Data extract
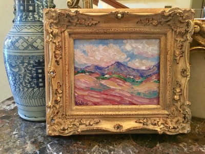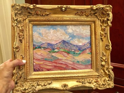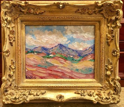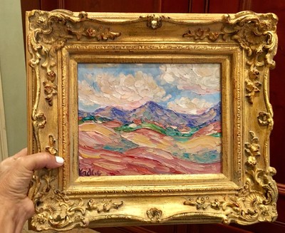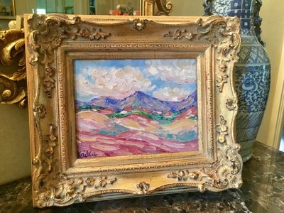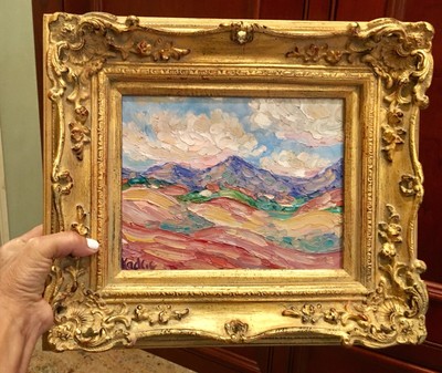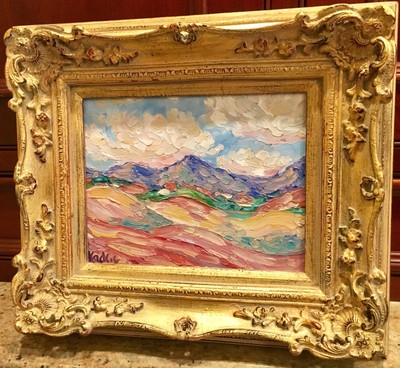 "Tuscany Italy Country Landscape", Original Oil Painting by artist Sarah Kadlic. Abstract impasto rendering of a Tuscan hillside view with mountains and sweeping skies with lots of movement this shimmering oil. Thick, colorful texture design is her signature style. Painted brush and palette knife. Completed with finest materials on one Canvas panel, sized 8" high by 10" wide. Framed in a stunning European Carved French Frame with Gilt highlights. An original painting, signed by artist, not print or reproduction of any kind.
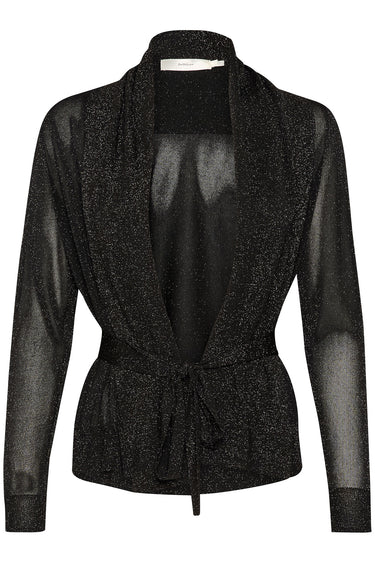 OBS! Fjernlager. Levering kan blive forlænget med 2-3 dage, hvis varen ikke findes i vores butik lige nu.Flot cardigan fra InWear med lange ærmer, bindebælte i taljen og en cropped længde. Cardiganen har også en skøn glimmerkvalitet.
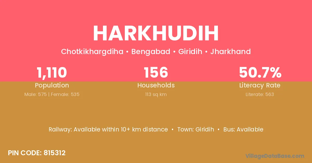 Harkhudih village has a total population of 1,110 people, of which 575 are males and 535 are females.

About this task
Could you restate the material word for word, omitting the pictures?

The answer
 "Tuscany Italy Country Landscape", Original Oil Painting by artist Sarah Kadlic. Abstract impasto rendering of a Tuscan hillside view with mountains and sweeping skies with lots of movement this shimmering oil. Thick, colorful texture design is her signature style. Painted brush and palette knife. Completed with finest materials on one Canvas panel, sized 8" high by 10" wide. Framed in a stunning European Carved French Frame with Gilt highlights. An original painting, signed by artist, not print or reproduction of any kind.
 OBS! Fjernlager. Levering kan blive forlænget med 2-3 dage, hvis varen ikke findes i vores butik lige nu.Flot cardigan fra InWear med lange ærmer, bindebælte i taljen og en cropped længde. Cardiganen har også en skøn glimmerkvalitet.
 Harkhudih village has a total population of 1,110 people, of which 575 are males and 535 are females.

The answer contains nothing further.